Prior to the event, SHCM President Lin Zaiyong said the conference would showcase the highest-level theses presentations and computer music, and it would surely bring to the music world a new experience of combining technology with music. It would become the most important gathering for musicians across the world as well, he added.
No wonder, the event attracted not only musicians and composers, but also software and hardware designers. This year’s conference featured Stanford University Professor John Chowning’s opening ceremony keynote speech and Pulitzer Prize for Music winner Du Yun’s performance at the closing ceremony.
This year’s conference theme was “the Sound within Ourselves,” a concept derived from an ancient Chinese saying by Laotze, “the best music and art lay in silence and abstraction,” said Chen Qiangbin, director of the SHCM Sound Engineering Department.
In light of the theme, artist Federico Nicolas Camara Jalac designed a contraption, called “Listen to Yourself,” which combines human’s sound spectrum with mathematics and physics.

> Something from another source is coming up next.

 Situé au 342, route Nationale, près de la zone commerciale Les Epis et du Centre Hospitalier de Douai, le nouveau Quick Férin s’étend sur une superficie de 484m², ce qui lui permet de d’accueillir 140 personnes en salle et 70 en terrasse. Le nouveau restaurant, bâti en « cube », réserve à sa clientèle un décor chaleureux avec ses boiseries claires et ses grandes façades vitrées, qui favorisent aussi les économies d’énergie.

Meanwhile, a facial recognition software FaceOSC.app was introduced at the conference to identify audiences.
Also at the conference, a piece of electro music composed for violinists and dancers used the contact improvisation technology to change the notes and sounds of the violins according to the signals sent out by blue tooth sensors matching the dancer’s moves.
Other than the artistic projects, the conference also featured 25 theses presentations, on subjects such as the New Interface of Musical Expression, Interaction Design, Composition Algorithm, Aesthetics, Theory, History and Philosophy.
Chinese theses focused on composition algorithm, interactive music, and technology in music composition. Among them, “Music Composition Platform Based on Ambisonics Algorithm” discusses the latest 3D sound technology and modern interactive music.
Composed by Fang Dalei, a graduate of the Music Engineering Department of the SHCM, the opening ceremony concert Sound Cubic 2.0 contains 3D holograph sound space, new media, real-time interaction electronic music, and a whole new version of Electronic Wave Concerto.
Audience at the concert could visit a website to choose voice part of the music piece at a selected time to interact with the speakers installed in the concert hall to play their own part in the concert.
During the conference, the Electronic Music Week, with a history of 10 years, was also staged to promote young artists.
So, the closing concert of the conference commissioned three young artists’ works, namely, Zhang Zhiliang’s Burning Joss Sticks, Composed for Flute and Computer; Julian Vincenot’s Fire and Forget, Composed for Piano and Computer; and Miyamoto Takashi’s Fragment, Composed for Viola and Computer.
Pulitzer Prize for Music winner Du Yun also collaborated with violin students from the middle school affiliated to Shanghai Conservatory of Music at the closing concert.